WHAT IS NEEDED: Without the pictures, print the lines from the one holding "This compound hieroglyph" through the last line below, both included, exactly as they stand.

RAW DATA:

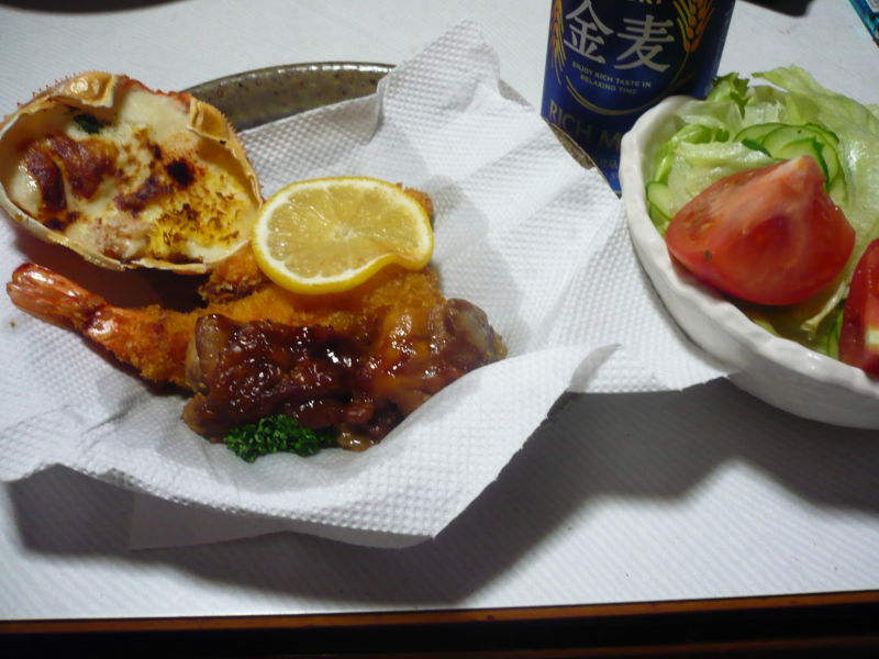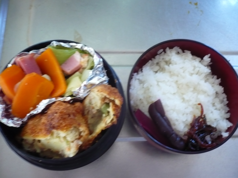 お昼は手作りコロッケと朝のそばの具にベーコンを足して野菜炒めに。
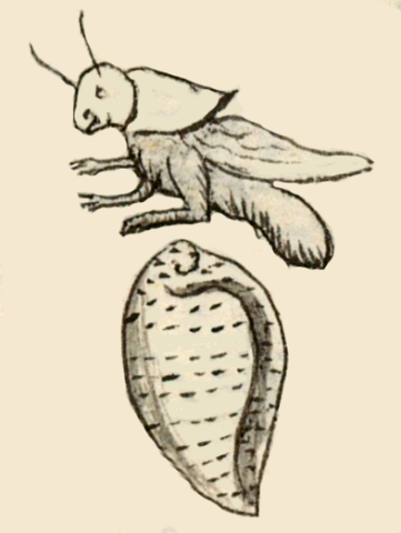 This compound hieroglyph features a black-line drawing of a type of gastropod shell called the chipolli (and alternatively, chipolin). The term selected for this example comes from the text near the image in the Digital Florentine Codex. There is no gloss, per se. This compound features a turbinate shell with the swirl at the top and a series of horizontal lines of dashes. The opening in the shell runs vertically along the right side, and it is shaded, giving it a three-dimensionality (a European artistic trait). A grasshopper (chapolin) hovers in the air above this shell. It is shown in profile, facing left, with its legs extended in front of it. This insect seems to serve as a phonetic indicator for the name of the shell, given that chipolli or chipolin sounds something like chapolin, a near homophone.
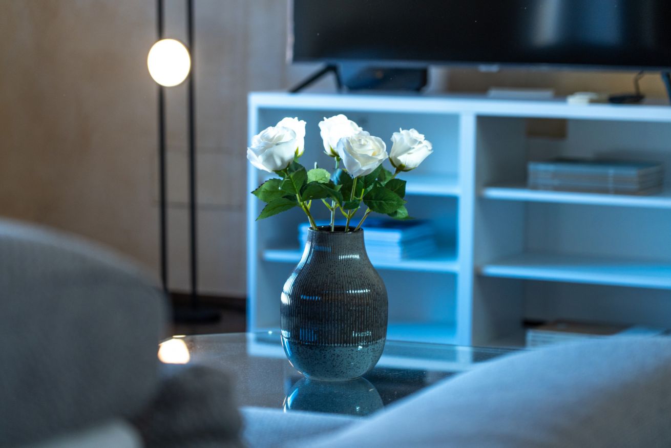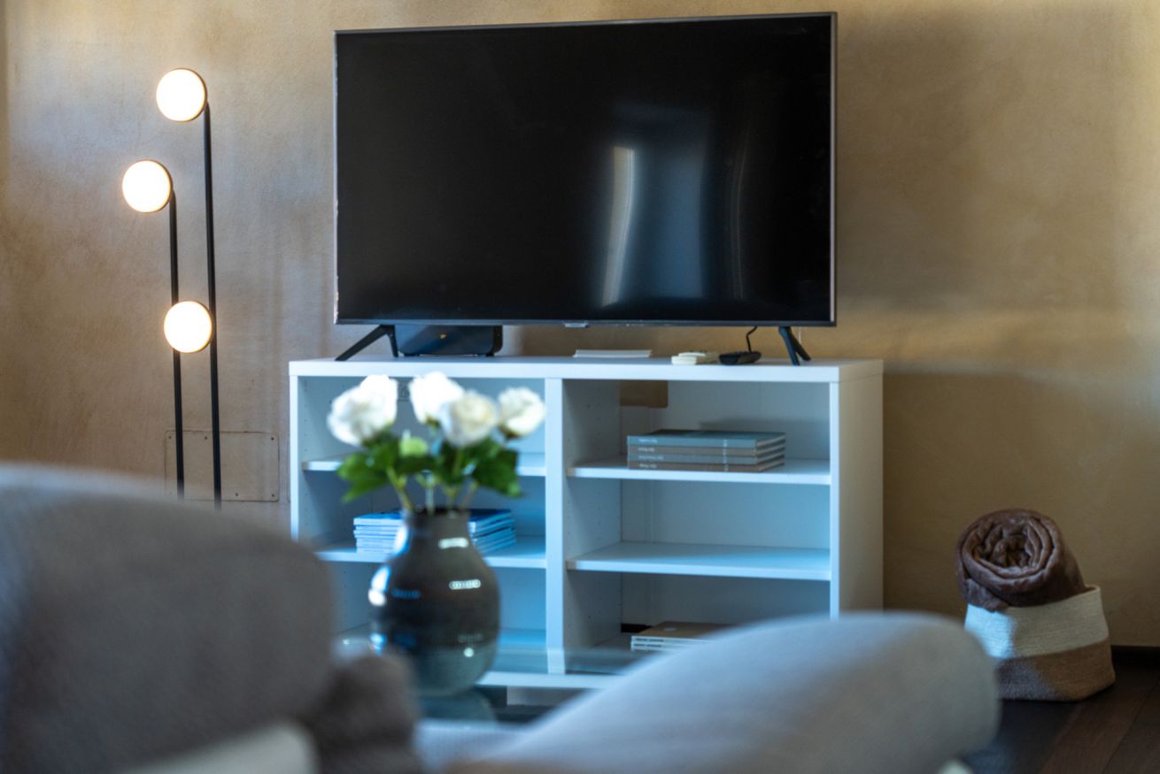 ✔ Zona living con divano comodo, smart TV da 55” e tavolo da pranzo per cene e momenti conviviali
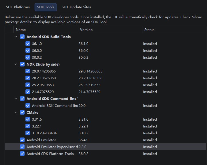 工程中自动Sync(注意,这期间会遇到很多兼容性问题,包括但不限于,使用合适版本的NDK和CPP和CMake,笔者使用的是下面这个版本,可以在工程的build.gradle中写死)

EXERCISE ANSWER:
 This compound hieroglyph features a black-line drawing of a type of gastropod shell called the chipolli (and alternatively, chipolin). The term selected for this example comes from the text near the image in the Digital Florentine Codex. There is no gloss, per se. This compound features a turbinate shell with the swirl at the top and a series of horizontal lines of dashes. The opening in the shell runs vertically along the right side, and it is shaded, giving it a three-dimensionality (a European artistic trait). A grasshopper (chapolin) hovers in the air above this shell. It is shown in profile, facing left, with its legs extended in front of it. This insect seems to serve as a phonetic indicator for the name of the shell, given that chipolli or chipolin sounds something like chapolin, a near homophone.
 ✔ Zona living con divano comodo, smart TV da 55” e tavolo da pranzo per cene e momenti conviviali
 工程中自动Sync(注意,这期间会遇到很多兼容性问题,包括但不限于,使用合适版本的NDK和CPP和CMake,笔者使用的是下面这个版本,可以在工程的build.gradle中写死)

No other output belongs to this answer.